DALLAS--(BUSINESS WIRE)--Crosstex Energy, L.P. (NASDAQ: XTEX) (the Partnership) and Crosstex Energy, Inc. (NASDAQ: XTXI) (the Corporation) announced today that the Partnership is increasing its capacity to transload crude oil from rail cars to both barges and pipelines at its Riverside fractionation facility in southern Louisiana from approximately 4,500 barrels of crude oil per day to approximately 14,500 barrels of crude per day. Construction of the Phase II expansion project at Riverside, located on the Mississippi River, will be operational in the first quarter of 2013. The Partnership has entered into a long-term supply agreement which fully underwrites the expansion.
The Phase II development at Riverside will include new storage tank facilities, upgraded pipeline connections and improved barge delivery capabilities on the Mississippi River.
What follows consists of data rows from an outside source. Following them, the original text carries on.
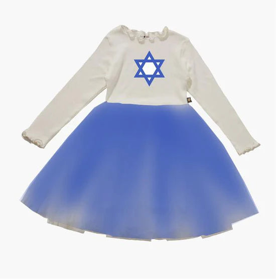 Get ready to shine this holiday season with our Holiday Star Tutu Dress! Made with soft ribbed fabric and featuring a festive holiday patch, this dress is perfect for any special occasion. The matching colored tulle adds an extra touch of elegance. Complete the look with our Patent MaryJane Shoes.
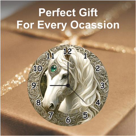 TERA MERA GIFT 3D Wooden Royal Horse Wall Clock reflects timeless elegance. Featuring a detailed horse design with ornamental artwork, this 12-inch MDF clock adds a royal touch to any decor. With its silent quartz mechanism and durable build, it’s the perfect blend of art and accuracy for living spaces or gifts.
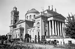 Ascension Cathedral in Szatmárnémeti (today Satu Mare, Romania) was built between 1830 and 1837 according to plans by Hild, using parts of the former baroque cathedral.[3] In 1831 archbishop Ladislaus Pyrker of Eger commissioned Hild to design the Cathedral. In 1839 he was placed in charge of the construction of the Primatial Basilica of the Assumption of the Blessed Virgin Mary and St Adalbert in Esztergom.[4] In 1851 construction first began on Saint Stephen's Basilica under Hild's supervision.[5]
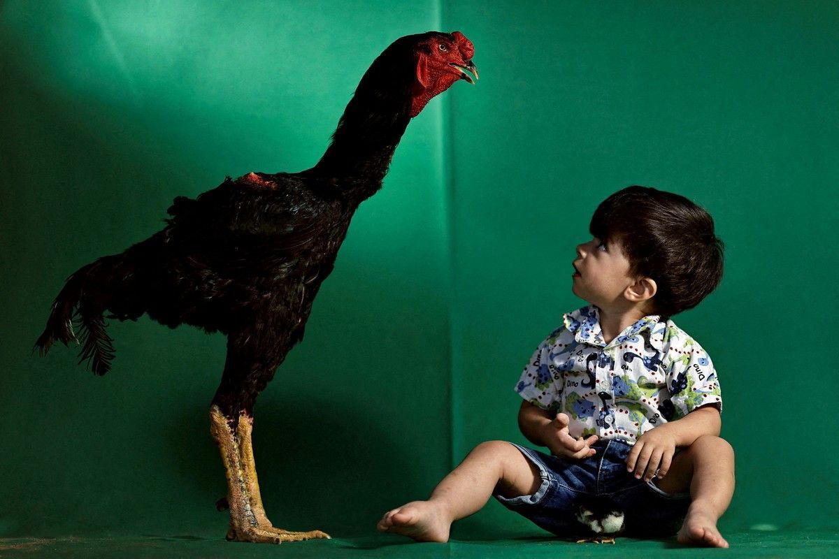 Un urubu indio gigante llamado Varapau junto a Gabriel Pereira, un niño de un año y 9 meses, en Formosa, estado de Goiás, Brasil, 1 de septiembre de 2023. Foto: REUTERS/Ueslei Marcelino
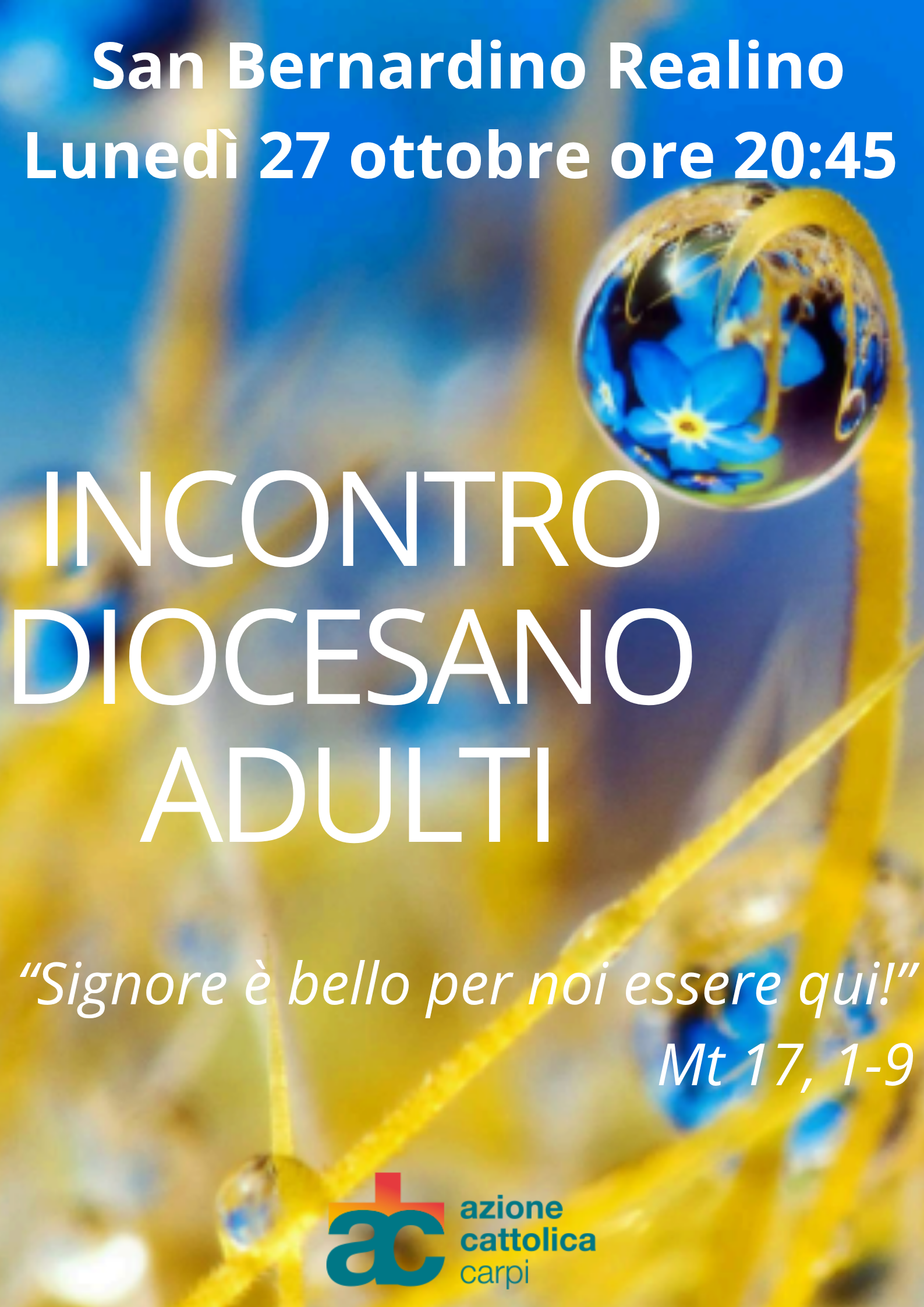 Lunedì 27 ottobre ore 20:45 presso la parrocchia di San Bernardino Realino ci ritroveremo per l’ incontro diocesano adulti.
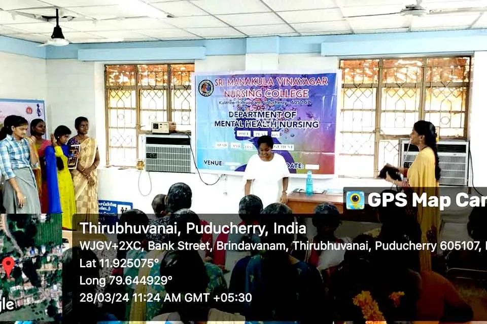 A role play on “Bipolar Affective Disorder & Its Management” was organized at Thirubuvanai PHC on 28.03.2024. The general public actively participated, interacting with students and faculty to clarify their doubts. The programme benefited around 50 people
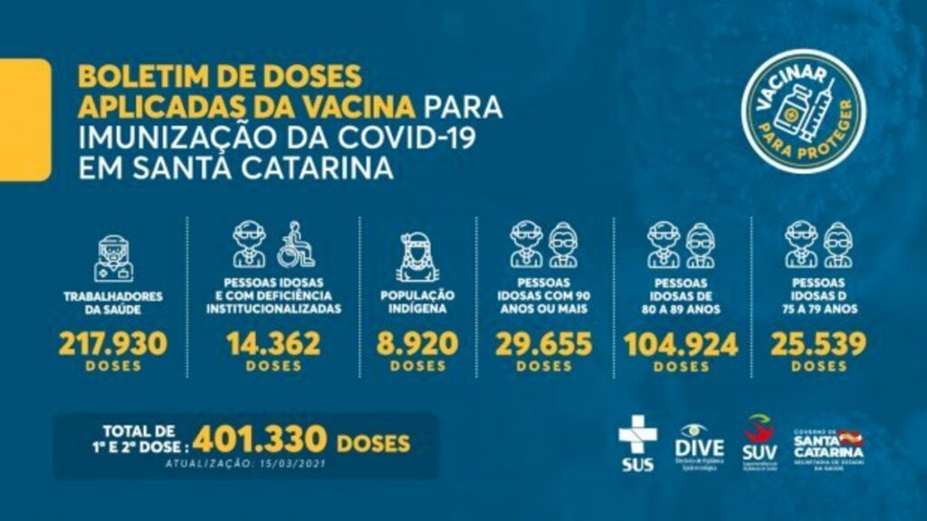 Do total, 302.616 correspondem à primeira dose (D1) e 98.714 à segunda (D2). O balanço é elaborado pela Diretoria de Vigilância Epidemiológica (Dive) com informações fornecidas pelos municípios catarinenses. Os grupos prioritários que estão sendo vacinados neste momento são: os trabalhadores da saúde, os idosos e as pessoas com deficiência institucionalizados, a população indígena e os idosos com 75 anos ou mais. O estado aguarda o envio de novas doses para ampliar a vacinação para outros grupos prioritários

The Phase I modification of the Riverside facility, which allowed crude as well as natural gas liquids (NGL) to be transloaded from rail to barge, has been in operation since January 2012. The expansion project is expected to cost approximately $16 million. The average annual cash flow from Phases I and II is estimated to be approximately $10 million.
“We continue to execute on our growth strategy by expanding and upgrading our existing assets to take advantage of crude opportunities,” said Barry E. Davis, Crosstex President and Chief Executive Officer. “We are in an ideal physical location to take advantage of premium markets in southern Louisiana and growing domestic crude supply. This represents substantial fee-based margin for us, and we’re continuing to evaluate additional projects that would develop this business further.”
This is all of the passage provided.